> [Activity] Without copying the images, write out all the entries below verbatim.

Source data
--
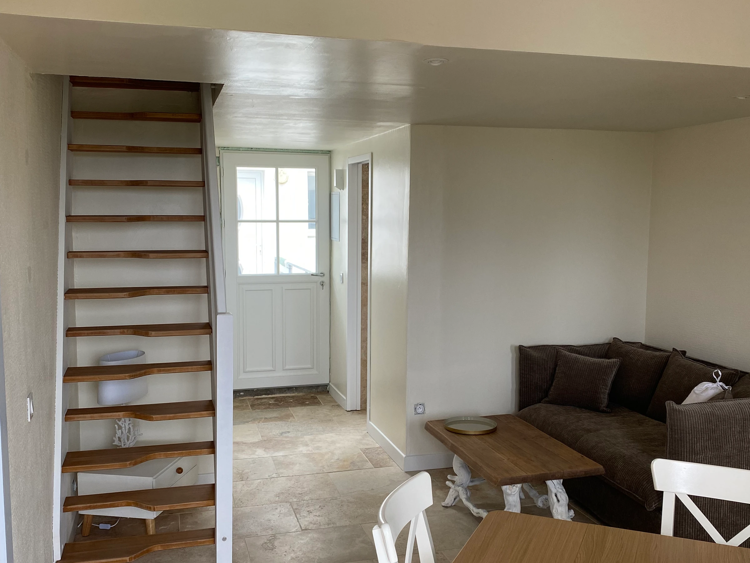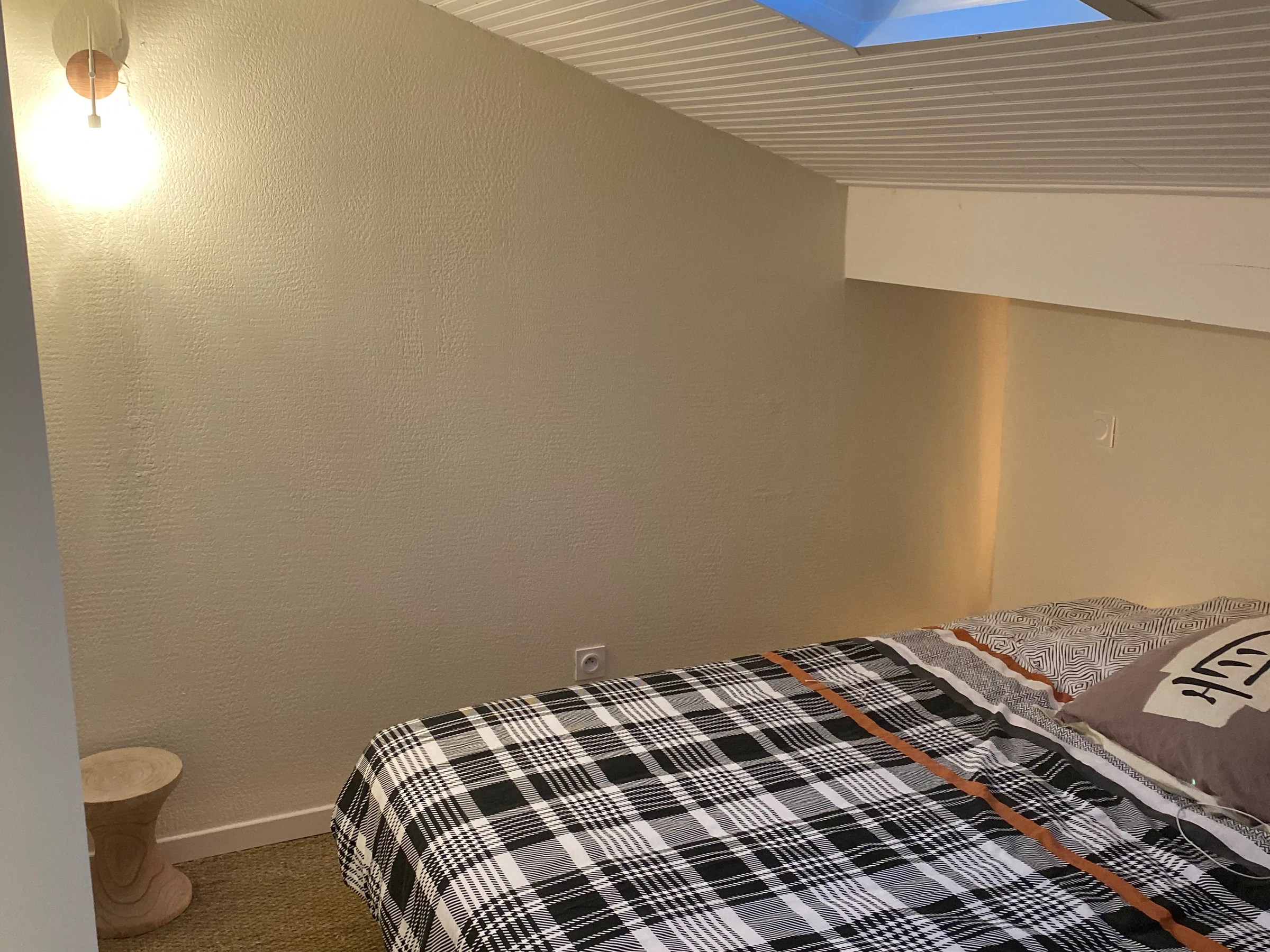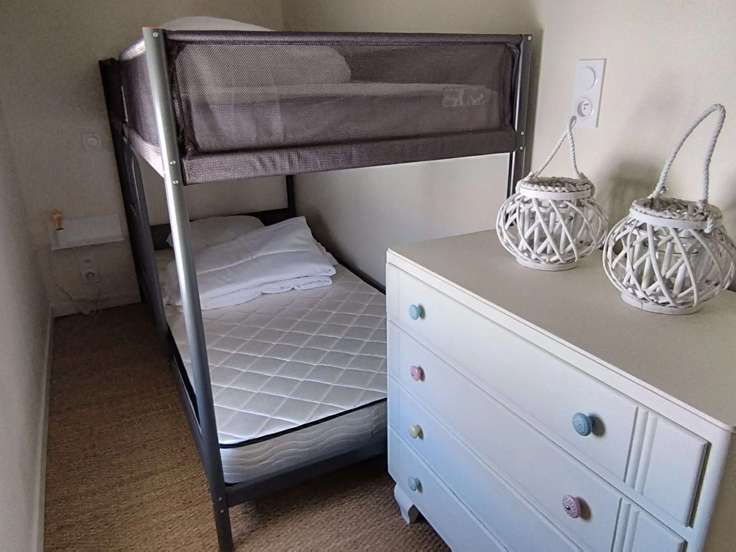 Just steps from the beach, discover this small first-floor apartment in a residence with private parking. It includes a living/dining room/fully equipped kitchen, a bathroom with a toilet and washing machine. Upstairs, there is a first bedroom with a double bed, and a second bedroom with a twin bunk bed. There is a small balcony with garden furniture.
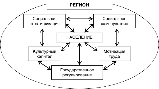 Население является главным действующим лицом региона. От его культурного капитала, социального положения и самочувствия зависит трудовая и общественная деятельность в рамках региона, в том числе и государственное регулирование, которое оказывает непосредственное влияние на все виды деятельности и положение жителей. Одни проявления и функции населения проистекают из других, находясь в тесной взаимосвязи; следовательно, вырисовывается социокультурное изображение региона.
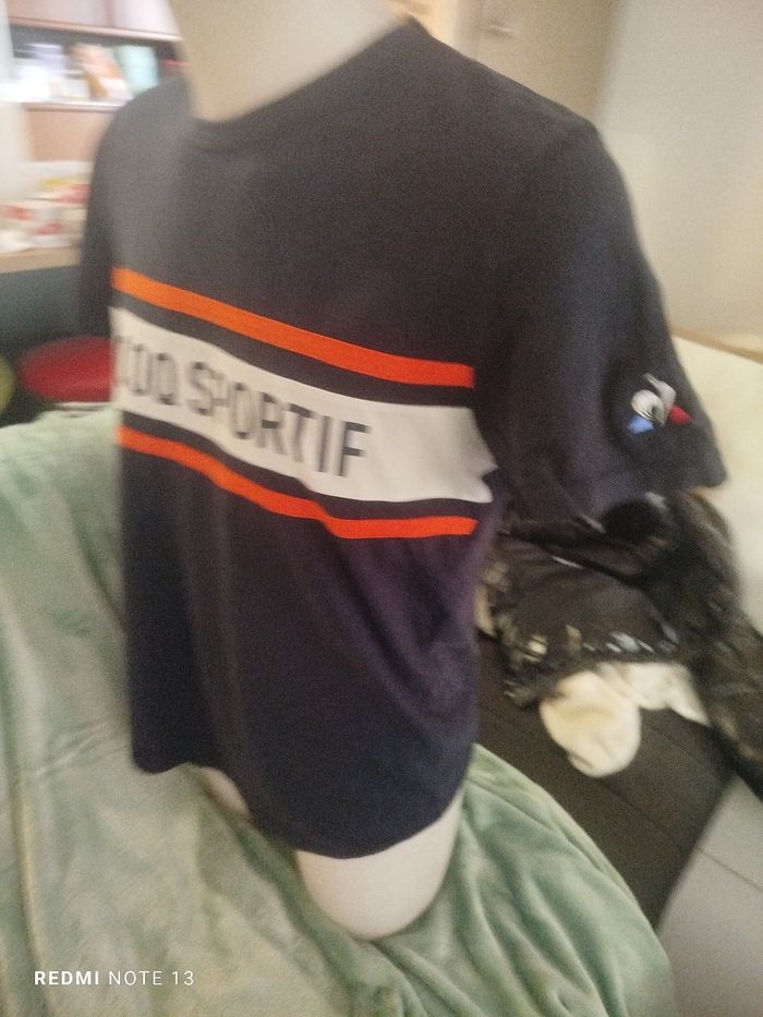 #kytieLhomme. Tee-shirt manches courtes taille L de marque le coq sportif 🐓 bleu marine en super état mesure des épaules 45 cm des aisselles 55 cm hauteur 70 cm réf 10
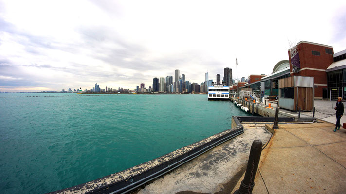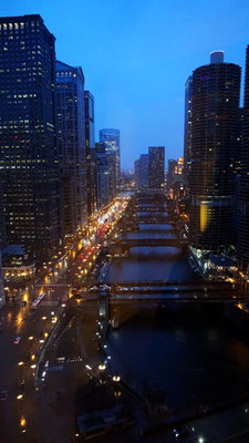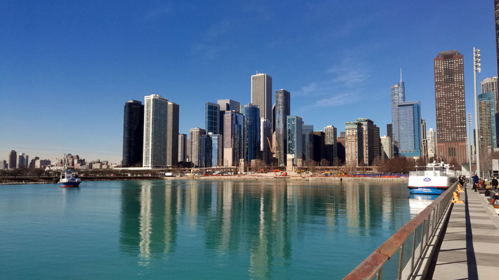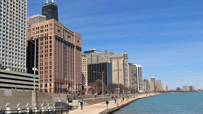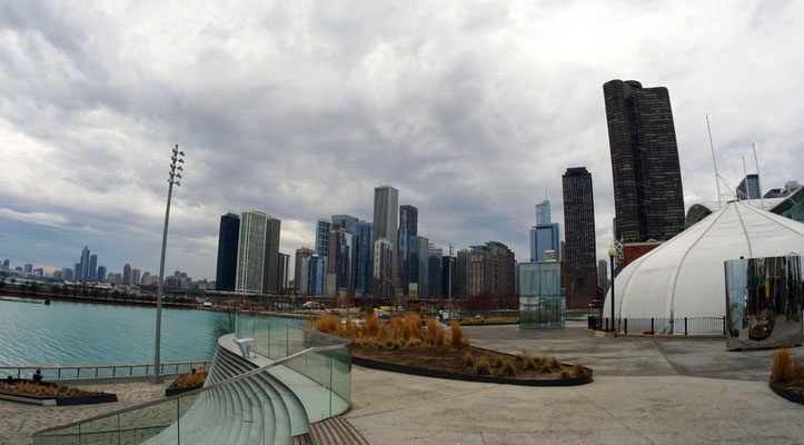 Direkt an der Riverfront des Chicago River gelegen erkundeten wir die nächste Umgebung, flanierten zum Navy Pier, passierten einen Teil der Magnificent Mile, Millennium Park und mehr, und stellten uns vor, wie schön das alles sein musste bei blauem Himmel und warmen Temperaturen. Gut, es war gerade mal Ende März, dass es noch winterlich kühl war hatten wir erwartet. Aber der kalte Wind und das frische Nass von oben waren schon mehr als ungemütlich, so dass wir uns bereits am frühen Abend in unser Hotel zurückzogen und von dort aus die tollen Ausblicke auf die Wolkenkratzer der Stadt genossen. Wir waren müde von der Anreise und Morgen war schließlich auch noch ein Tag.
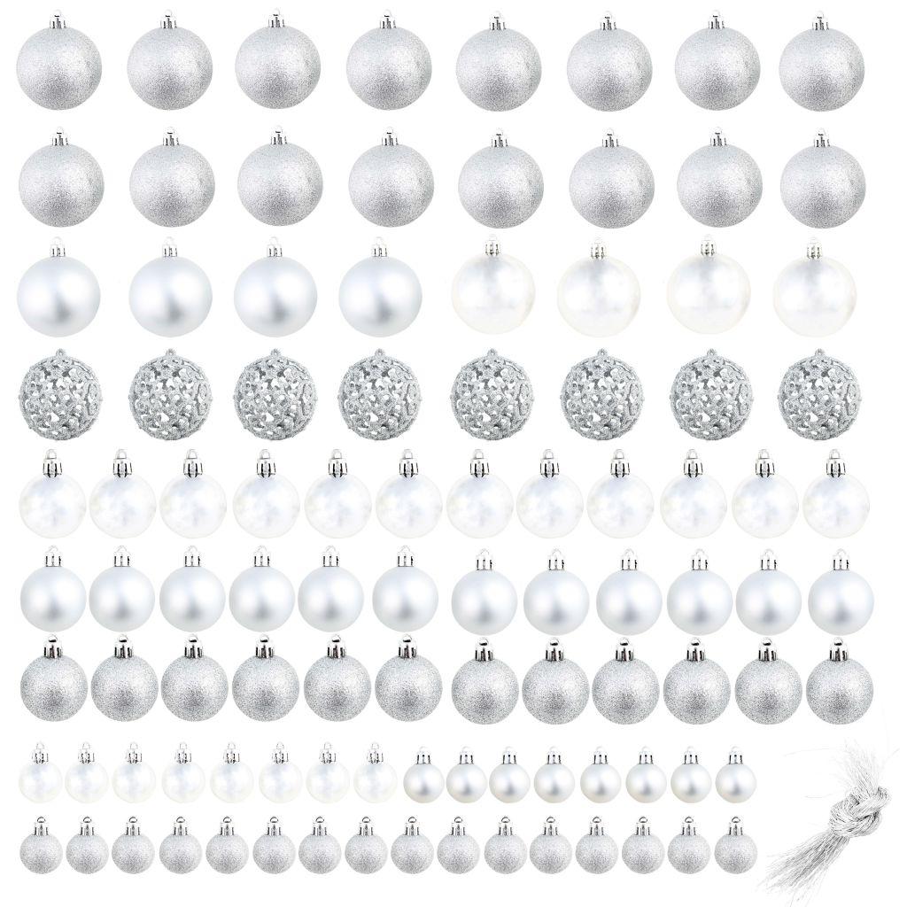 vidaXL 100-osaline jõulukuulide komplekt, 3/4/6 cm, hõbedane 245712
--
> [Answer section]
 Just steps from the beach, discover this small first-floor apartment in a residence with private parking. It includes a living/dining room/fully equipped kitchen, a bathroom with a toilet and washing machine. Upstairs, there is a first bedroom with a double bed, and a second bedroom with a twin bunk bed. There is a small balcony with garden furniture.
 Население является главным действующим лицом региона. От его культурного капитала, социального положения и самочувствия зависит трудовая и общественная деятельность в рамках региона, в том числе и государственное регулирование, которое оказывает непосредственное влияние на все виды деятельности и положение жителей. Одни проявления и функции населения проистекают из других, находясь в тесной взаимосвязи; следовательно, вырисовывается социокультурное изображение региона.
 #kytieLhomme. Tee-shirt manches courtes taille L de marque le coq sportif 🐓 bleu marine en super état mesure des épaules 45 cm des aisselles 55 cm hauteur 70 cm réf 10
 Direkt an der Riverfront des Chicago River gelegen erkundeten wir die nächste Umgebung, flanierten zum Navy Pier, passierten einen Teil der Magnificent Mile, Millennium Park und mehr, und stellten uns vor, wie schön das alles sein musste bei blauem Himmel und warmen Temperaturen. Gut, es war gerade mal Ende März, dass es noch winterlich kühl war hatten wir erwartet. Aber der kalte Wind und das frische Nass von oben waren schon mehr als ungemütlich, so dass wir uns bereits am frühen Abend in unser Hotel zurückzogen und von dort aus die tollen Ausblicke auf die Wolkenkratzer der Stadt genossen. Wir waren müde von der Anreise und Morgen war schließlich auch noch ein Tag.
 vidaXL 100-osaline jõulukuulide komplekt, 3/4/6 cm, hõbedane 245712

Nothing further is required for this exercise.